Chatsworth blinked rapidly. "First thing tomorrow, I'll instigate a full investigation into it all. I know this is upsetting, but there really is no call for paranoia. Mistakes do happen."

Tom sucked in his lip. Perhaps this was plausible, but it felt wrong. "I know about CERUS."

Chatsworth went pale.
 

"I know they fund the clinic. If you don't want to talk to me, then I'm going to the police. One way or another I'm getting some answers."

Chatsworth's eyes flared and he shook his head. "I guess it's time you did know a few things." He walked over to his desk. "You should probably see this." He pulled out something and pointed it at Tom.

A hand gun.

Chatsworth shook his head. "I'm sorry." And he pulled the trigger.

Tom's heart leapt, but there was no bang, only a soft click and a stinging in his chest. Looking down, he saw a dart sticking out. Then everything blurred to black.




Chatsworth moved to Tom's slumped form, checking his pulse. Then he hurried over to his computer and, hands shaking, connected a secure call, flagging it code-red. Marron responded almost immediately.
 

"Subject Zero is here," said Chatsworth.

"You said you'd discharged him."

"He claimed to be feeling unwell, but it was a ruse to get into the building," said the doctor. "He knows. Somehow he knows about CERUS. That we lied to him. He said he was going to the police. He said he had an MRI scan today. And it showed something metallic in his head."

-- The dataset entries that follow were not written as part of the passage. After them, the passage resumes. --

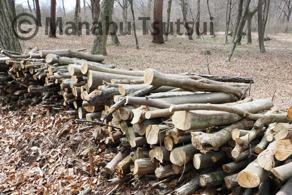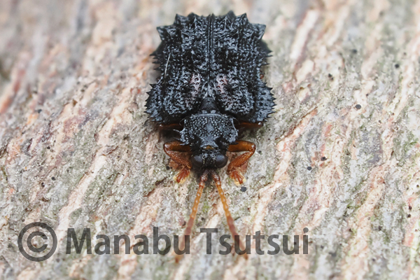 林内の貯木を覗き込むと、ベニヒラタムシが数匹、活発に歩き回っては飛翔していました。
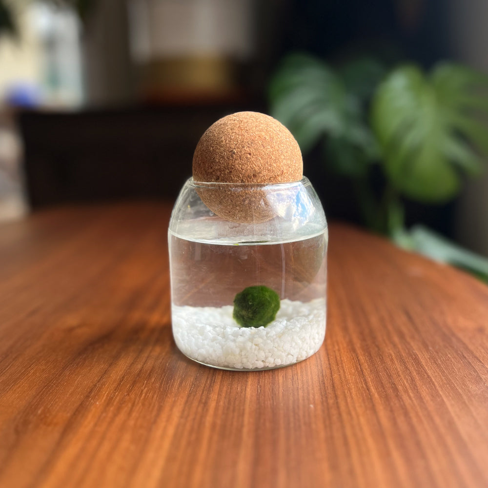 Puedes usar el frasco con o sin tapa, ambas opciones son adecuadas para el marimo.
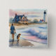 Coastal Walk to Lighthouse at Sunset 15 Cm Square Badge
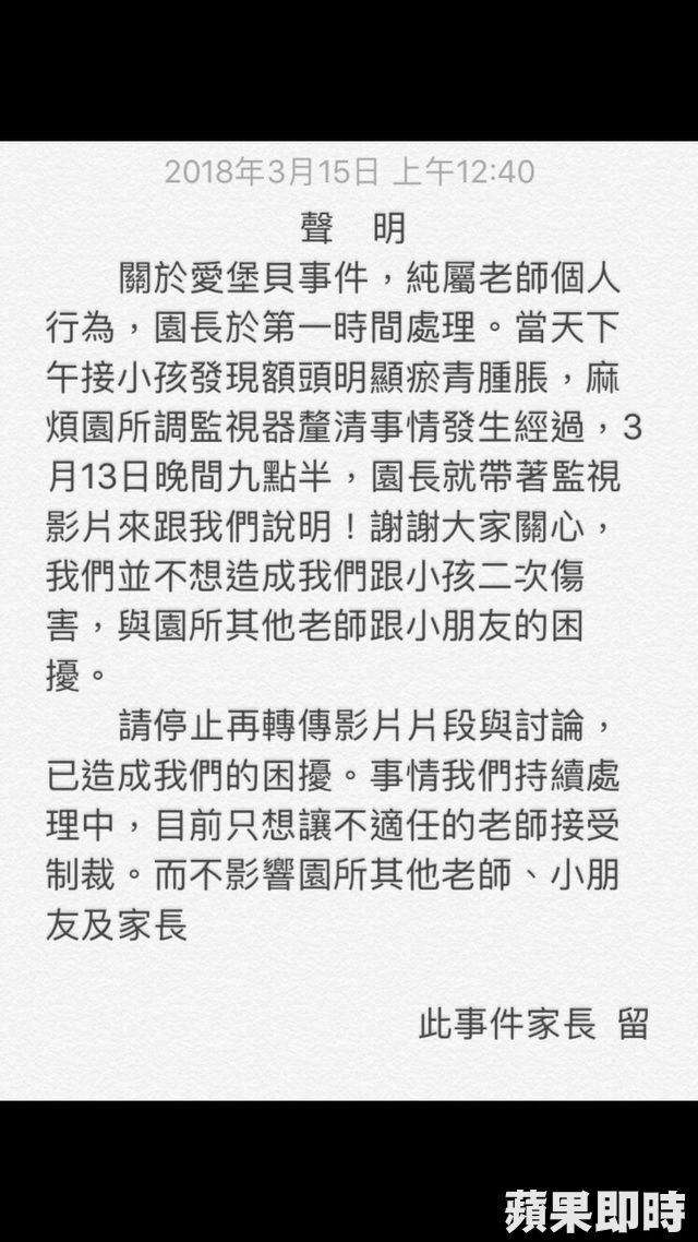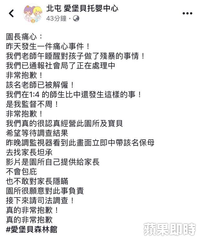 对此,托婴中心园长赶紧发声明,除了道歉,也已通报社会局,目前这位保母也遭解雇了,也提到影片是园所提供,所以绝无包庇行为,「我们在1:4的师生比中还发生这样的事,是我监督不周!非常抱歉!我们真的很认真经营此园所,等待调查结果出炉,很愿意对此事负责!接下来请司法调查!真的非常抱歉!真的非常抱歉。」

Marron growled. "Where is Faraday now?"

"He's... sedated. I used the tranq gun."

There was another pause. A much longer one. "I'm sending someone over to tidy this up. They'll take Tom to a secure location. We'll work things out from there."

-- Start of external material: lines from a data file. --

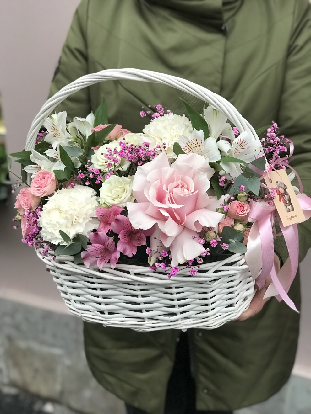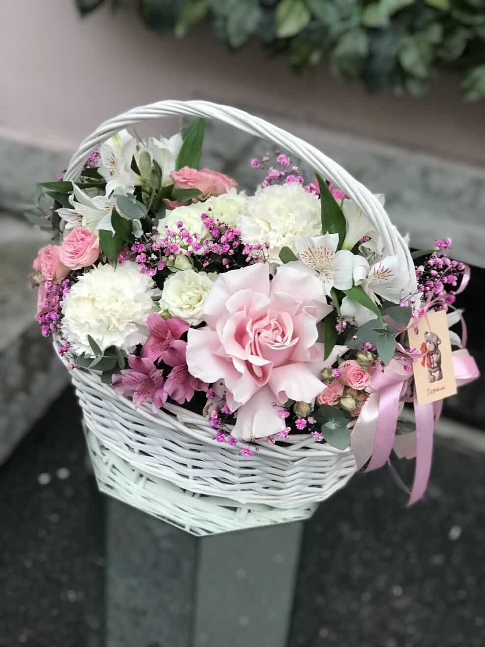 Французские розы 1 шт, гипсофила 3 шт, кустовая роза 4 шт, гвоздика 2 шт, альстромерия 3 шт, корзина 1 шт.
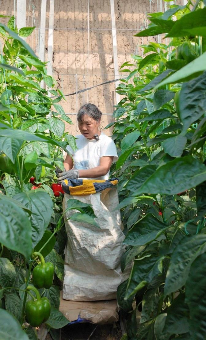 这款小推车采用独轮设计,在狭窄的彩椒行内也能灵活穿梭,可以一边行走一边采摘,一个人就能完成以往多人的工作量,人力成本大幅降低。小推车还可根据实际需求上下调整高度,低矮或较高的植株都能轻松应对。
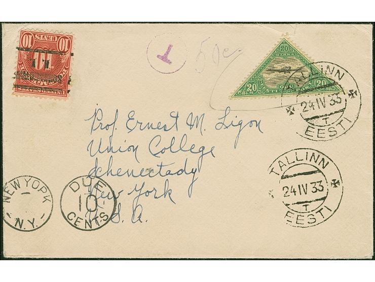 1924, Airmail 20 marka, tied by cds. "TALLINN 24 IV 33" to cover to New York, as airmail stamps were only valid for airmail fees. The cover was handled as unfranked and charged with a 50 c. surcharge fee; at arrival, franked with USA postage due 10 c., fine and scarce, certificate Löbbering BPP (2015)
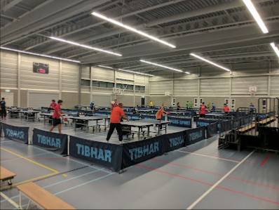 Mooie locatie voor een tafeltennisvereniging. Eigen bar met eenvoudige snacks, tribune, grote zaal. Jammer dat er geen zicht is op de buitenlucht. Leuk: wedstrijden worden rechtstreeks gestreamt op facebook.
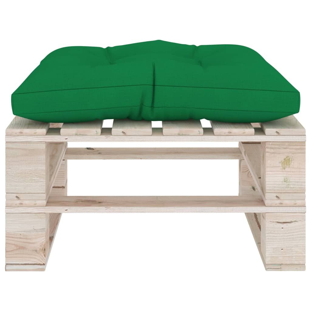 Ogrodowy stołek z palet z zieloną poduszką, drewno sosnowe
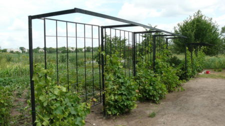 단일 평면 구조의 변형으로 L자형 또는 반 아치형 지지대가 있습니다. 이는 작은 정원에 울타리, 스크린, 작은 반 차양을 설치하여 휴식 공간을 조성하는 데 사용됩니다. 이러한 유형의 지지대는 녹색 성장이 활발한 식물에 적합합니다. 북부 지역에서는 L자형 지지대에 식물을 심으면 잎을 통해 추가적인 태양 복사열을 흡수하는 데 도움이 됩니다.
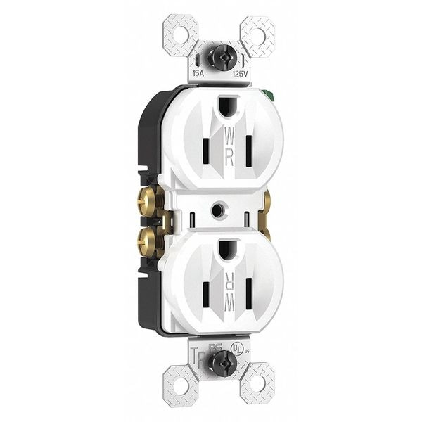 Receptacle, Connection Orientation Straight, Current Rating 15 A, Grounding Grounded, Housing Color White, Housing Material Thermoplastic Polyester, Mount Type Flush, NEMA Receptacle Configuration 5-15R, Number of Gangs 1, Number of Poles 2, Number of Wires 3, Phase Single, Receptacle Type Duplex, Resistance Properties Tamper Resistant, Weather Resistant, Standards cULus Listed, UL 498, Voltage Rating 125V AC, Wiring Method Back, Side, Horsepower Rating 1/2 hp, Surge Protection No

Chatsworth forced himself to breath more slowly. "I appreciate that."

"My resource will be with you in thirty minutes. Make arrangements for her to get in unnoticed."

FORTY-ONE

MARRON SAT IN HIS CONTROL room: the Faraday situation was one he would prefer to take care of personally, but the metrics on his screen were showing something wrong with his building and he was the only person who could investigate. He picked up one of his secure phones and called a familiar number.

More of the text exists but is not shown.